Amazon, Walmart and others clearly see a future of reduced interchange and have negotiated brilliantly to make it so. The differences in CP and CNP rates make no sense, and rate changes have been stymied. For instance in 2014, the advent of network tokenization allowed creation of a new “Card holder present” rate tier that would allow the US to catch up with EU and Asia in 3DS liability shift AND reduced rates. Why didn’t it happen? Issuers were effective in squashing it.. They had no incentive to change, only lost revenue. What will force issuers to act? 

    1. A real threat to their consumer credit model? While no where near scale today, new credit models like BNPL are quickly evolving to compete with Cards, a model where there is no “interchange”.
    2. A new card model like Affirm’s Debit+ where a consumer can keep their bank account and a new credit provider can selectively finance transactions
    3. ACH driven models like Venmo, or Plaid’s A2A. 
    4. Powerful Brand that is willing to create their own card (Apple, Amazon, Target, …etc)
    5. Fragmentation of consumer relationship (Neo banks)
    6. Integration of alternate payment schemes into shopping/mobile (Shopify, Stripe, …)

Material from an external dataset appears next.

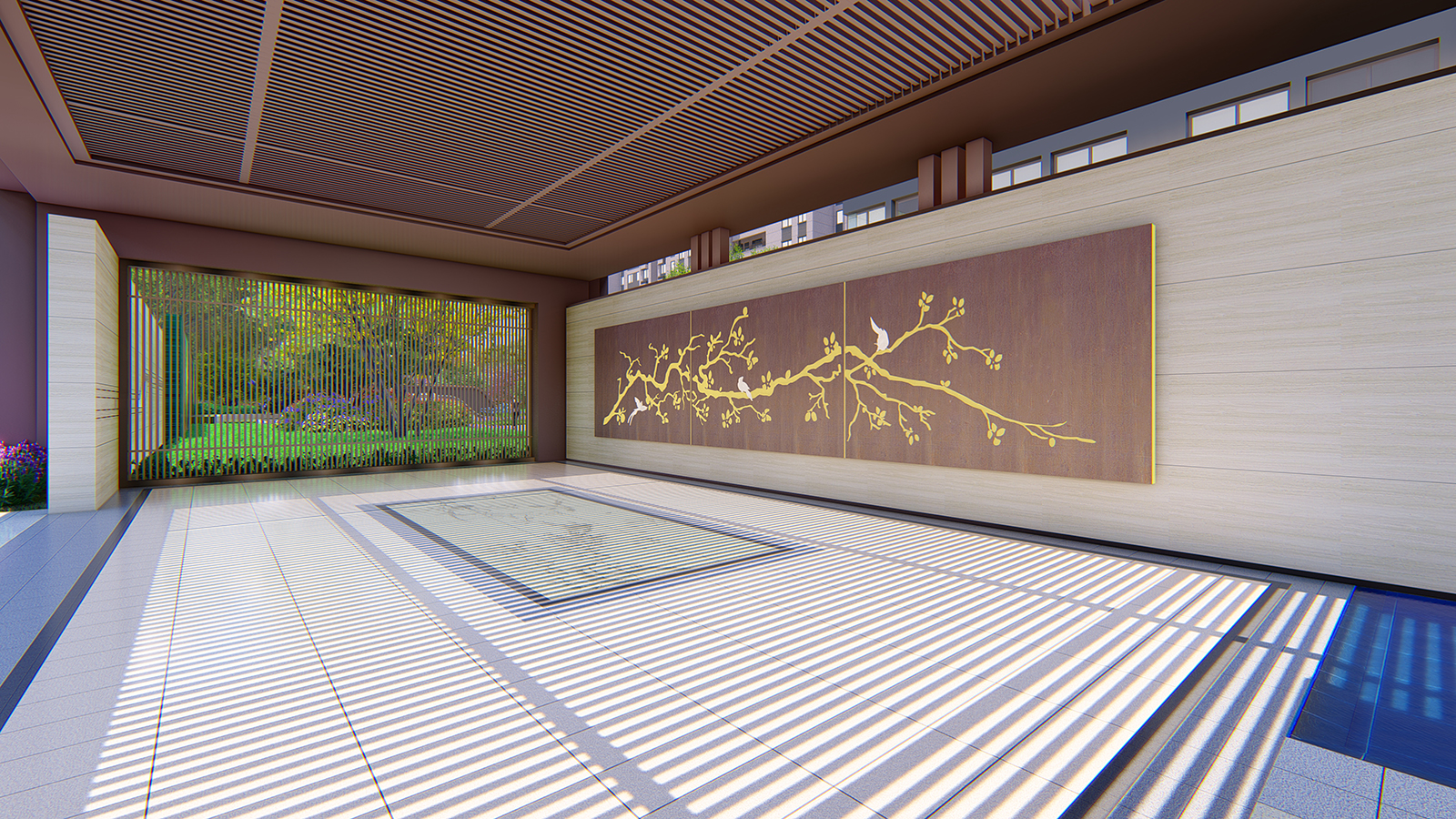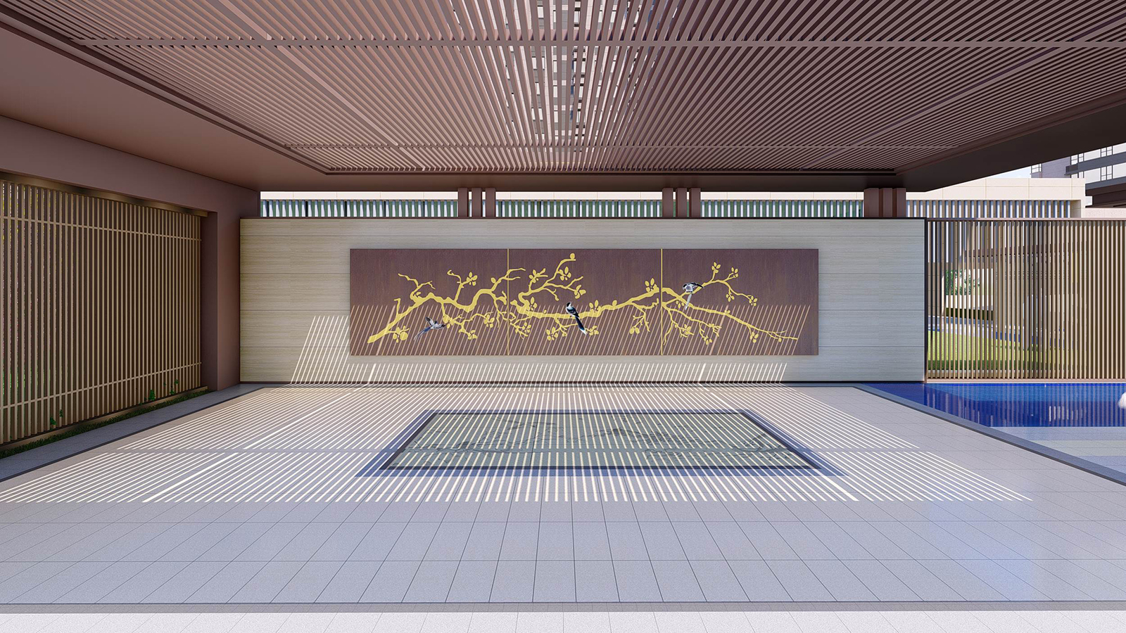 門頭對景處設(shè)置“喜上眉(梅)梢”景墻,客戶視線跟隨梅花枝條方向延伸,巧妙構(gòu)建空間遞進關(guān)系,為項目增添趣味及內(nèi)涵。

Like every other service, consumer lending is being redesigned. There is no longer one card, one rate, one consumer experience. The decision for large issuers is clear. My view is that V/MA will win regardless of what the issuers decide, but only if they begin to recognize that interchange cost reductions are key to their network’s long term success. 

4 thoughts on “Incentives – How will Visa Amazon Play Out?”

  1. Great blog Tom. I agree with you that V/MA will win regardless of what the issuers decide if they start with the interchange cost reductions. If this turns out to be true, however, it’s my understanding that the networks’ costs will start to become relevant on the issuers’ cost structure. I’m worried V/MA won’t have pricing power to keep increasing yields or their level of margins in this scenario of lower interchange fees.

  2. I suspect Visa will cave to Amazon, and make it up on the backs of smaller merchants, as has been done so many times before. The court case seems to be dragging on, and that or congressional action are likely the only ways to get an across-the-board cut. Especially after the pandemic, many small sellers have jumped on board the V/MA train, although I also see a big increase in Venmo, largely at the expense of checks and cash. Faster Payments would also be an effective competitor, although we will have to wait for FedNow (not that far off, now) for that to be realized. I agree that interchange is coming down in the U.S., I just don’t see this as the trigger. Visa will wait until it is mandated.